Montefiore dell’Aso. Il Belvedere De Carolis dà il benvenuto al visitatore che poi scoprirà: la Collegiata di Santa Lucia, la chiesa con annesso convento di san Francesco al cui interno ha sede il Polo Museale, il Centro di documentazione scenografica Giancarlo Basili, il museo Adolfo de Carolis, il museo della civiltà contadina e la collezione Domenico Cantatore. Da notare il polittico di Carlo Crivelli.

Monte Vidon Corrado. La Casa/Museo del rinomato pittore novecentesco Osvaldo Licini è punto di grande attrazione. Da una delle finestre si apre uno scenario impareggiabile sui Monti sibillini. Nella chiesa parrocchiale di San Vito si possono ammirare le tele settescentesche del Monti e un Crocefisso della scuola del Guercino.

Monte Rinaldo. Comune conosciuto per il tempio in località La Cuma, santuario ellenistico di età tardo-repubblicana. Da non perdere: il Museo civico nell’ex chiesa del SS. Crocefisso, le chiese del Sacramento e Rosario, Santi Leonardo e Flaviano, Santa Maria della Neve e Sant’Anna, e il Palazzo Giustiniani.

Servigliano. È la settescentesca Città ideale. Il nome richiama la gens Servilia. Tre le porte d’ingresso e un’ampia piazza centrale. Suggestivo l’ex convento dei Frati Minori. Da notare i palazzi del Municipio, Filoni e Navarra, e la Collegiata di San Marco. Fuori le mura, ha sede la Casa della Memoria vicina al Campo di prigionia della prima e seconda guerra mondiale.

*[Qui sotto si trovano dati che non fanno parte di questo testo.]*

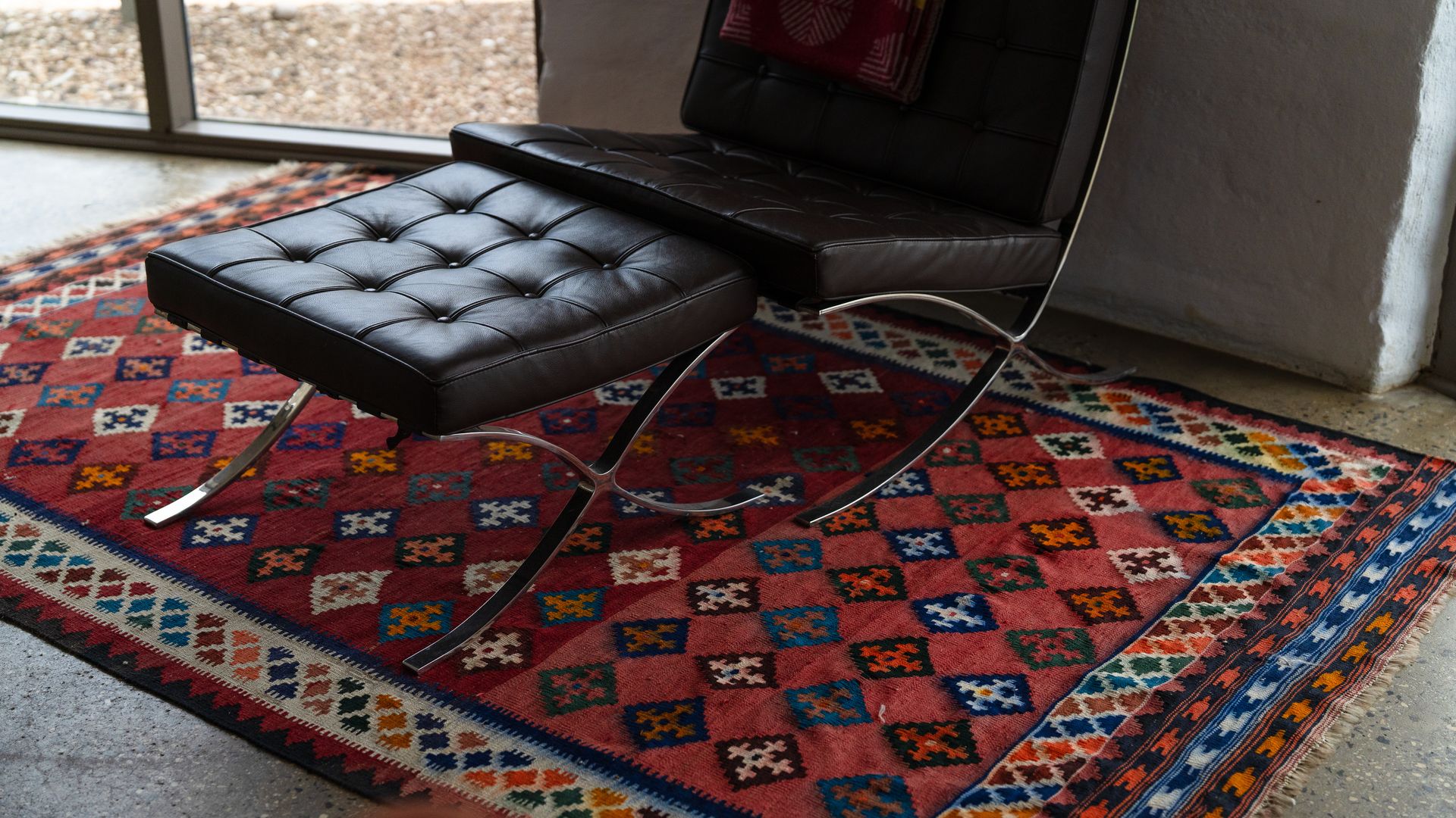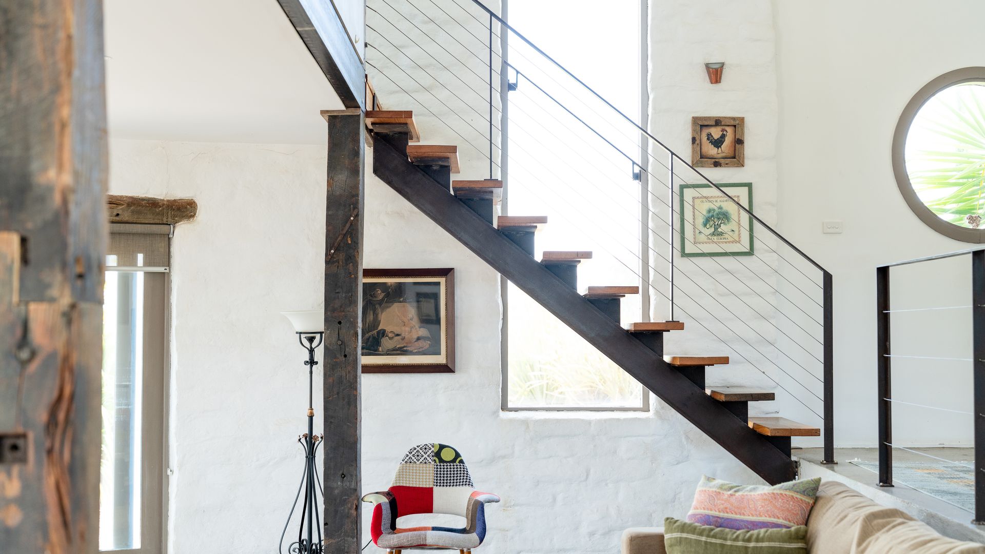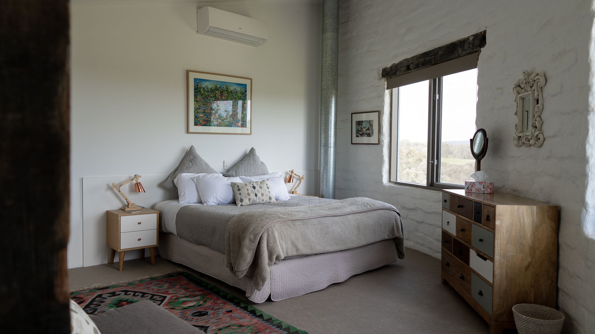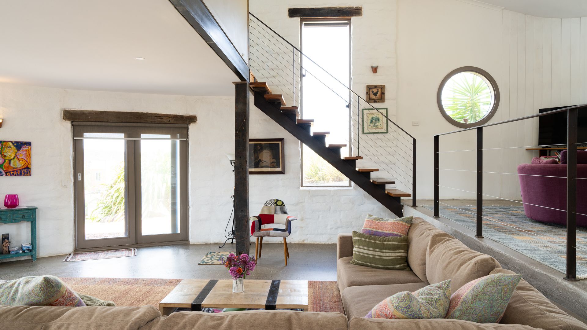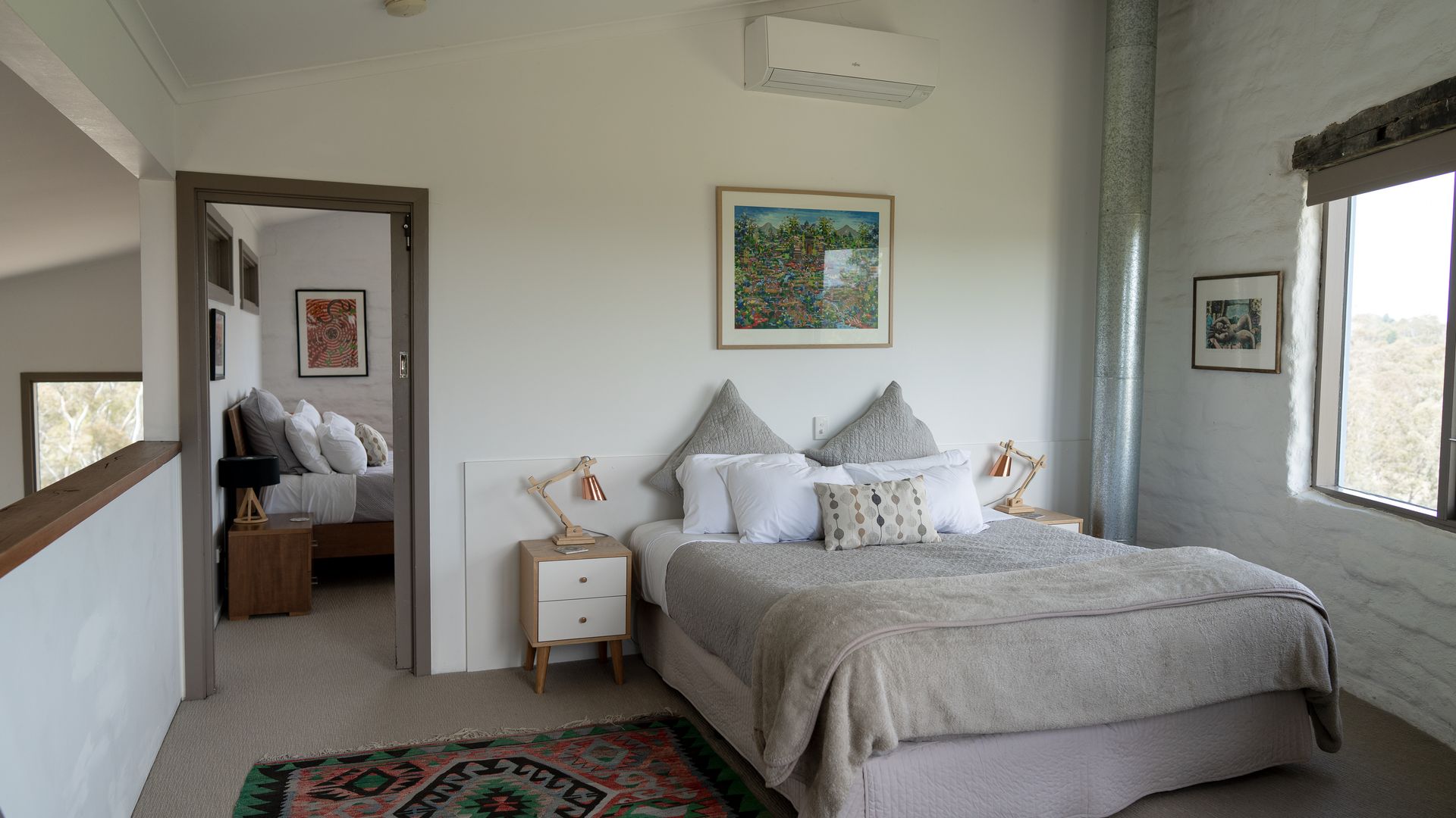Colourful rugs pop against the clean white walls, adorned by lovely artwork. A modern kitchen brings all the comforts of home, with the charming dining table within arm’s reach. The adjoining lounge area offers large, comfy couches and a TV, though many prefer to simply enjoy the sunsets. Stairs lead up to the mezzanine level, where the master bedroom can be found. Both bedrooms offer striking views of the country and welcome the natural light. Like the rest of the home, these rooms are fashionably furnished and beautiful artworks are mounted on the walls. One offers a king bed, and the other a queen. Similarly, the bathroom is appointed with both quality and style and features a walk-in shower.

Montefortino. Il piccolo comune si trova ll’interno del Parco nazionale dei Sibillini. Ricchissima la Pinacoteca civica intitolata al mecenate Fortunato Duranti, e il museo faunistico di palazzo Leopardi. Da visitare le chiese di San Francesco e Sant’Agostino, e la minuscola pieve di Sant’Angelo in Montespino.

FOLCLORE

La Giostra in contrada

Il più antico ricamo arabo che si conosca al mondo, realizzato ad Almeria in Spagna, si trova al Museo diocesano di Fermo. È la Casula (paramento sacro) che indossava l’arcivescovo di Canterbury Thomas Becket. Da ammirare, così come la Cavalcata dell’Assunta, appuntamento estivo con i suoi 1400 figuranti delle dieci contrade cittadine che interpretano una Storia Quattrocentesca. Con relativa corsa di cavalli.

MONTEFORTINO

La bellezza di sacro e profano

A Montefortino, sacro e profano si addizionano. Da una parte, il millenario Santuario della Madonna dell’Ambro, il più frequentato dopo quello di Loreto; dall’altra, la Gola dell’Infernaccio, nei pressi di Rubbiano, dove è facile immaginare l’ombra di Cecco d’Ascoli, autore de L’Acerba. Ed ancora: l’eremo di San Leonardo e la montagna della Priora che guardano il Monte Sibilla e la sua profetessa.

SALA DEL MAPPAMONDO

Il globo nella stanza

La sala più antica e famosa della Pinacoteca Civica di Fermo, collocata all’interno del Palazzo dei Priori, è sicuramente la Sala del Mappamondo. La Sala, un tempo nota con il nome di Sala delle Commedie, è stata realizzata per volere del cardinale fermano Decio Azzolini per sistemare i libri della sua biblioteca e quelli del patrizio Paolo Ruffo. La sua struttura è interamente rivestita in legno, con scaffalatura in noce, il soffitto in abete, con le lettere romane a identificare i vari scaffali e le antichissime poltrone che rendono la sala davvero affascinante. La collezione comprende circa 3milamanoscritti, 127 codici, 300mila volumi tra i quali 681 incunaboli, oltre 15mila edizioni del Cinquecento, 23mila edizioni in raccolte, numerosissimi esemplari di Sei e Settecento e stampati musicali. Sono inoltre disponibili più di 800 testate di riviste storiche, 5mila disegni e 6.500 incisioni, monete, sigilli e cimeli di varia natura. Oltre al grande numero di volumi, all’interno della Sala del Mappamondo è esposto il Globo disegnato dall’abate Amanzio Moroncelli nel 1713, quando questi era il cosmografo della Serenissima.

LA BATTAGLIA

Eterni eroi anti-francesi

A Servigliano/Castel Clementino, una pagina dimenticata è quella dell’Insorgenza anti francese. Era il 28 maggio del 1799 quando le truppe di Bonaparte diedero l’assalto al paese. Fu una strage in cui morì il giovane Luigi Navarra. Il comune è noto per la Giostra dell’Anello: torneo cavalleresco che si svolge, con altre manifestazioni, nel corso dell’estate, e vede impegnati gli attivissimi rioni cittadini.